=== Assignment ===
Transcribe the entries below exactly from their first line through the line containing "今年1-2月,市場低迷與疫情", and let no picture into the copy.

Data items:
****

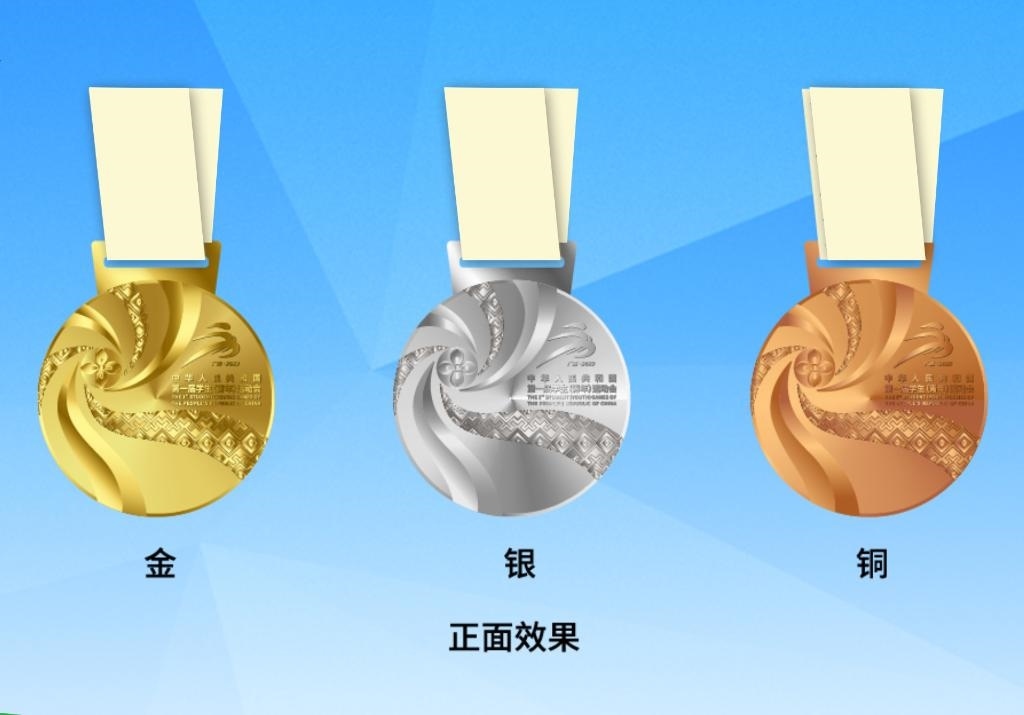 首屆學青會獎牌正面采用繡球、壯錦等廣西元素,以繡球為設計焦點,通過壯錦飄帶向外綻放,如一朵盛開的鮮花,表達歡迎四方友人共赴學青盛會的美意;獎牌背面以廣西銅鼓鼓面為原型,中心太陽紋象征著年輕人的活力和熱情,四方配以圖騰鳥,有著吉祥的寓意;外圈環(huán)繞了學青會的英文名稱和銅鼓經(jīng)典紋飾云雷紋。獎牌整體寓意“團結(jié)、活力、綻放”。
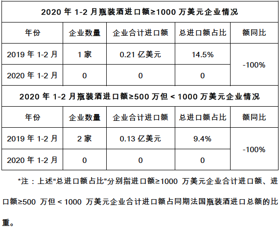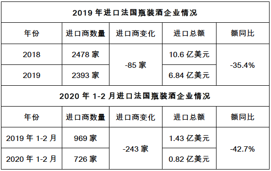 今年1-2月,市場低迷與疫情影響的雙重沖擊下,更是出現(xiàn)了無企業(yè)進(jìn)口法國瓶裝酒超過500萬美元的慘淡開局。
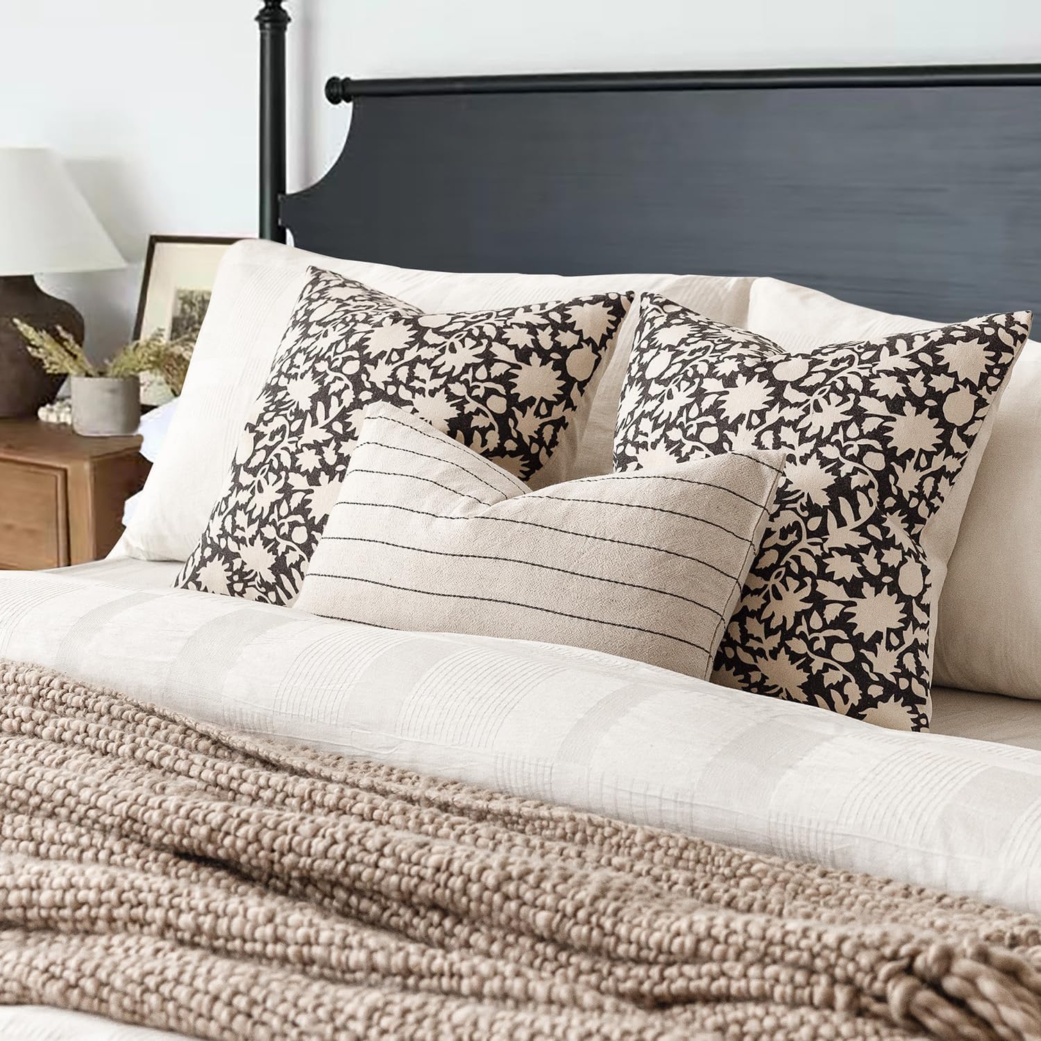 Foindtower Set of 2 Decorative Neutral Floral Throw Pillow Covers Accent Farmhouse Cushion Covers Boho Vintage Pillowcase for Couch Sofa Bedroom Living Room Home Decor Outdoor24×24 Inch,Black
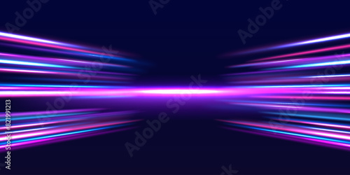 Speed police line. Laser beams, horizontal light rays. Magic shining neon light line trails. Purple glowing wave swirl, impulse cable lines. High speed effect motion blur night lights
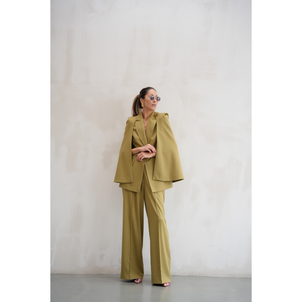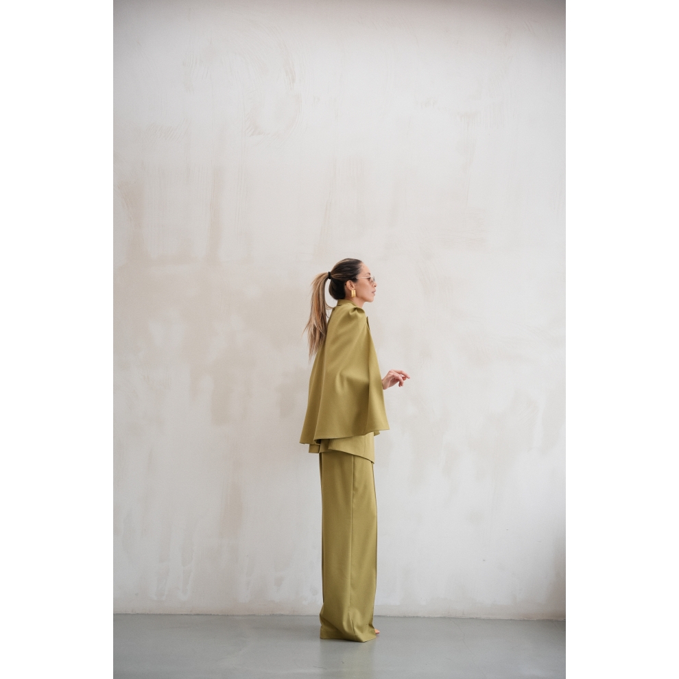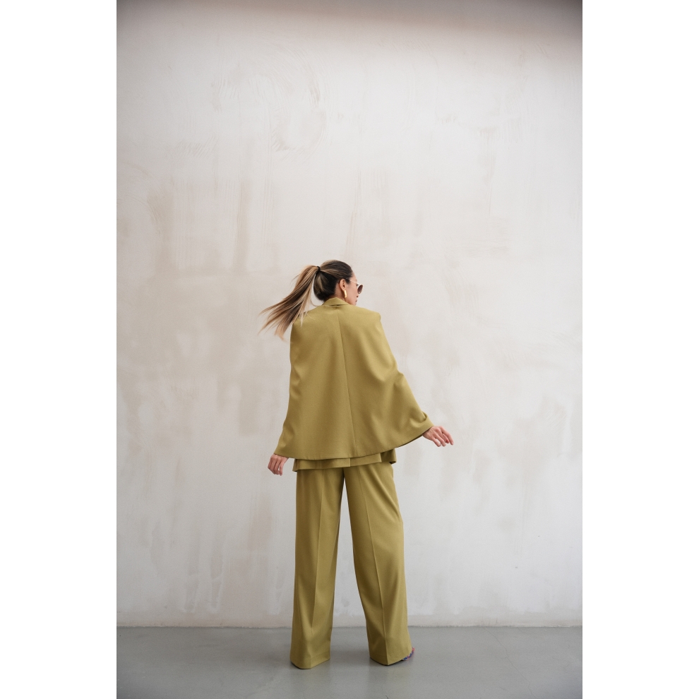 Брюки палаццо выполнены из поливискозной мягкой костюмной ткани. Модель имеет застроченную стрелку. Застегиваются на молнию и пуговицу. Сзади на линии талии расположена резинка для комфортной посадки. В боковых швах имеют два глубоких боковых кармана и два декоративных кармана-обманки на спинке изделия.

****

=== Result for this task ===
 首屆學青會獎牌正面采用繡球、壯錦等廣西元素,以繡球為設計焦點,通過壯錦飄帶向外綻放,如一朵盛開的鮮花,表達歡迎四方友人共赴學青盛會的美意;獎牌背面以廣西銅鼓鼓面為原型,中心太陽紋象征著年輕人的活力和熱情,四方配以圖騰鳥,有著吉祥的寓意;外圈環(huán)繞了學青會的英文名稱和銅鼓經(jīng)典紋飾云雷紋。獎牌整體寓意“團結(jié)、活力、綻放”。
 今年1-2月,市場低迷與疫情影響的雙重沖擊下,更是出現(xiàn)了無企業(yè)進(jìn)口法國瓶裝酒超過500萬美元的慘淡開局。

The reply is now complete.